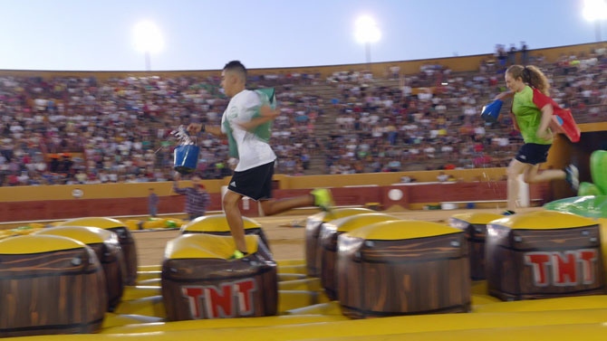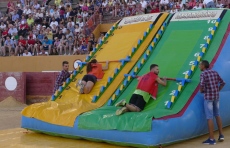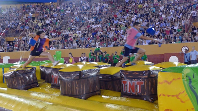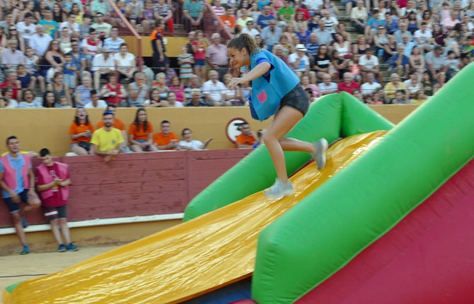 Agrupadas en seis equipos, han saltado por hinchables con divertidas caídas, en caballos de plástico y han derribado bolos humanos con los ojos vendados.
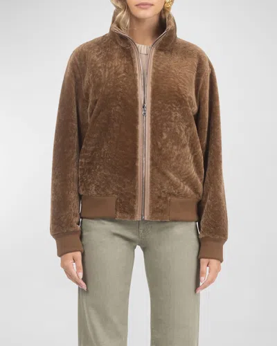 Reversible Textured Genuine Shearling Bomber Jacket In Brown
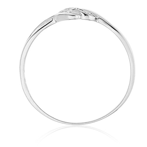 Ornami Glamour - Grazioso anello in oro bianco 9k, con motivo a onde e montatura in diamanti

=-=-=-=-=

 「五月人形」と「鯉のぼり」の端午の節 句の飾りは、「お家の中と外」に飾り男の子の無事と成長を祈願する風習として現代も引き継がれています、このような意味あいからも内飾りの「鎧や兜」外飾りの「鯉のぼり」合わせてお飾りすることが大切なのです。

=-=-=-=-=

— ACTIVITY —
Write back the stretch of lines above that begins with the line holding "Reversible Textured Genuine" and ends with the line holding "Ornami Glamour - Grazioso", both included, exactly as written. Pictures stay out.

— EXERCISE ANSWER —
 Reversible Textured Genuine Shearling Bomber Jacket In Brown
 Ornami Glamour - Grazioso anello in oro bianco 9k, con motivo a onde e montatura in diamanti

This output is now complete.